**Problem requirements**
As you write out the lines from the one containing "加拿大學(xué)院合作總表:(備注**學(xué)院免申請費活動中)" through the last line of the records, keep them exact and leave out pictures.

[Start of section]

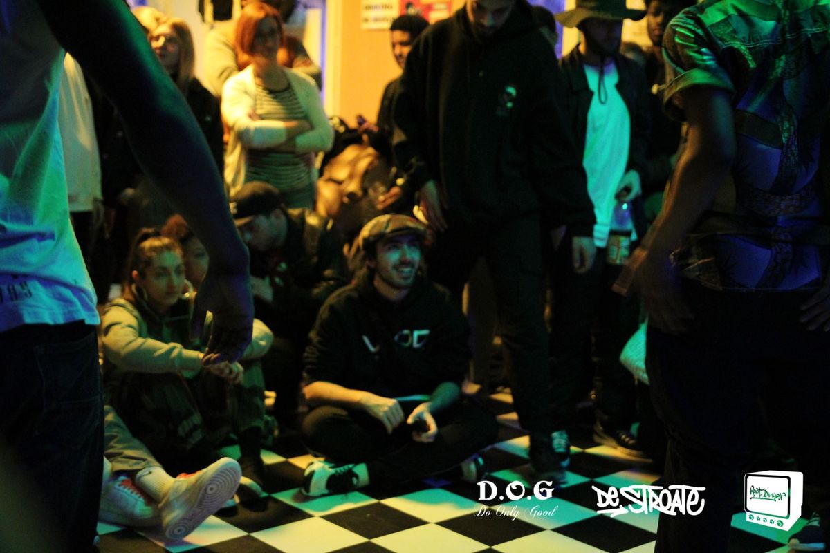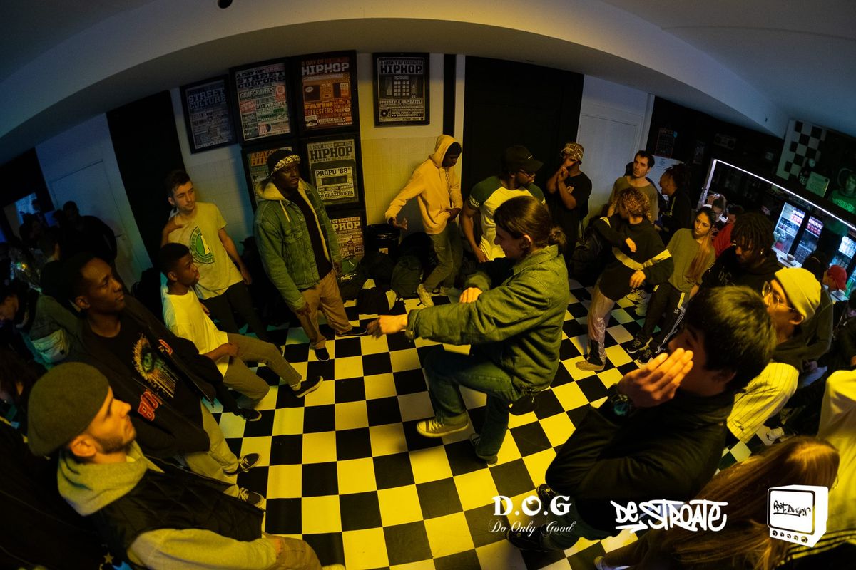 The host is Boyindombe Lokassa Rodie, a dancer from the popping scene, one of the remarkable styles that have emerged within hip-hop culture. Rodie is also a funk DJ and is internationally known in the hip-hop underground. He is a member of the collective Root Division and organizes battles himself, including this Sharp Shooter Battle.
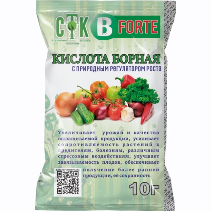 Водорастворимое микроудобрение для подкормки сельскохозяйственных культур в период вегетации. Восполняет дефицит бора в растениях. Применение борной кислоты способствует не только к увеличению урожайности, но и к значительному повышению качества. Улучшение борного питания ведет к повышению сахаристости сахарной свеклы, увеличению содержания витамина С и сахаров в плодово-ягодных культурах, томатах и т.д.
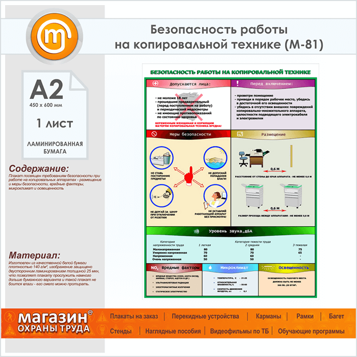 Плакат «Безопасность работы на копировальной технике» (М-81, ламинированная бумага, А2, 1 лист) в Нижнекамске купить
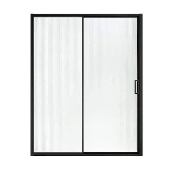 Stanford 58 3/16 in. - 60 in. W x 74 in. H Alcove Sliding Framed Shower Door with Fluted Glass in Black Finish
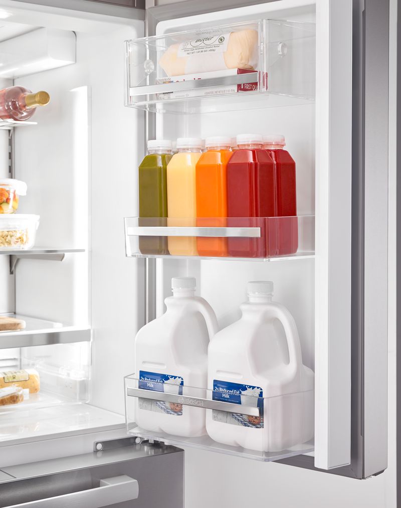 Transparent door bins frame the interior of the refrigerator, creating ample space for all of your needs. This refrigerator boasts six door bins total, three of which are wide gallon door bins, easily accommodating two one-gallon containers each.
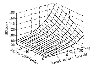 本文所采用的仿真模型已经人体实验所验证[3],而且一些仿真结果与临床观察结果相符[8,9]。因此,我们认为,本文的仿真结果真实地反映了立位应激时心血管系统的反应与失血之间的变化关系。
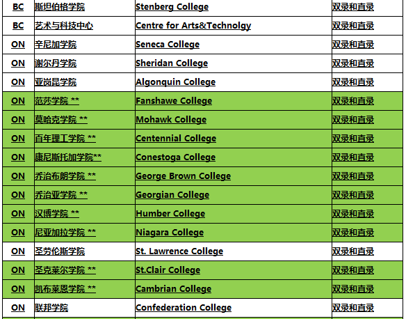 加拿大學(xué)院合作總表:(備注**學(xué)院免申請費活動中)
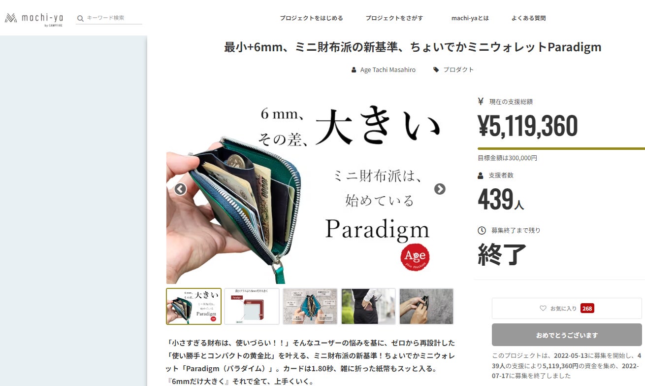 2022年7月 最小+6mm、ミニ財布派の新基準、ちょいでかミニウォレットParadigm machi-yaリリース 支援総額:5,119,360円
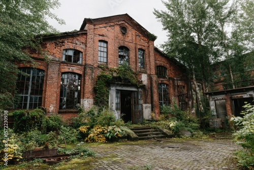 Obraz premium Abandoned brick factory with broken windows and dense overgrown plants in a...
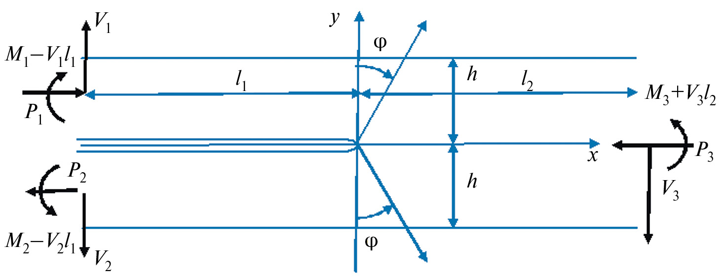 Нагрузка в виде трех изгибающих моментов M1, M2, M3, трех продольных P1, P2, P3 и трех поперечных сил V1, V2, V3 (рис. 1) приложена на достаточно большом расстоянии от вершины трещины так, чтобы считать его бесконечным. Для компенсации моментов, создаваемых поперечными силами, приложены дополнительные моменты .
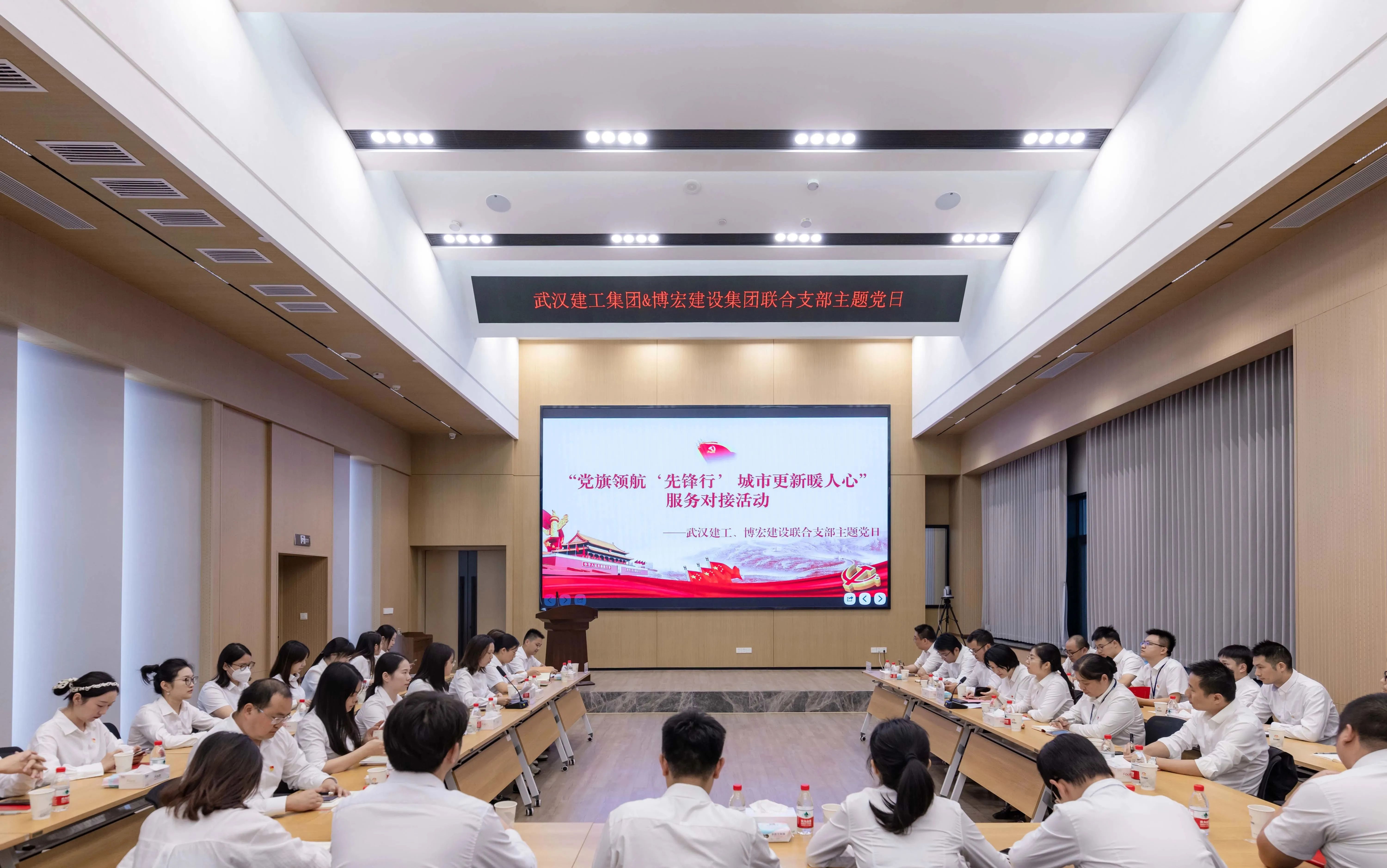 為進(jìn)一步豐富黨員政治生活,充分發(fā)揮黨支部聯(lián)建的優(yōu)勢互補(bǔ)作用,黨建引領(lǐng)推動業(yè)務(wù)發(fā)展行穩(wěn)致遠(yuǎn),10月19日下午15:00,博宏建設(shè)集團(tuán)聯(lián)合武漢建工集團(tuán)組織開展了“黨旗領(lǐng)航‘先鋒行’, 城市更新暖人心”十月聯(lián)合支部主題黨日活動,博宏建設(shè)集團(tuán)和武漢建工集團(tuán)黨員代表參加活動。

[End of section]

**Exercise output**
 加拿大學(xué)院合作總表:(備注**學(xué)院免申請費活動中)
 2022年7月 最小+6mm、ミニ財布派の新基準、ちょいでかミニウォレットParadigm machi-yaリリース 支援総額:5,119,360円
 Obraz premium Abandoned brick factory with broken windows and dense overgrown plants in a...
 Нагрузка в виде трех изгибающих моментов M1, M2, M3, трех продольных P1, P2, P3 и трех поперечных сил V1, V2, V3 (рис. 1) приложена на достаточно большом расстоянии от вершины трещины так, чтобы считать его бесконечным. Для компенсации моментов, создаваемых поперечными силами, приложены дополнительные моменты .
 為進(jìn)一步豐富黨員政治生活,充分發(fā)揮黨支部聯(lián)建的優(yōu)勢互補(bǔ)作用,黨建引領(lǐng)推動業(yè)務(wù)發(fā)展行穩(wěn)致遠(yuǎn),10月19日下午15:00,博宏建設(shè)集團(tuán)聯(lián)合武漢建工集團(tuán)組織開展了“黨旗領(lǐng)航‘先鋒行’, 城市更新暖人心”十月聯(lián)合支部主題黨日活動,博宏建設(shè)集團(tuán)和武漢建工集團(tuán)黨員代表參加活動。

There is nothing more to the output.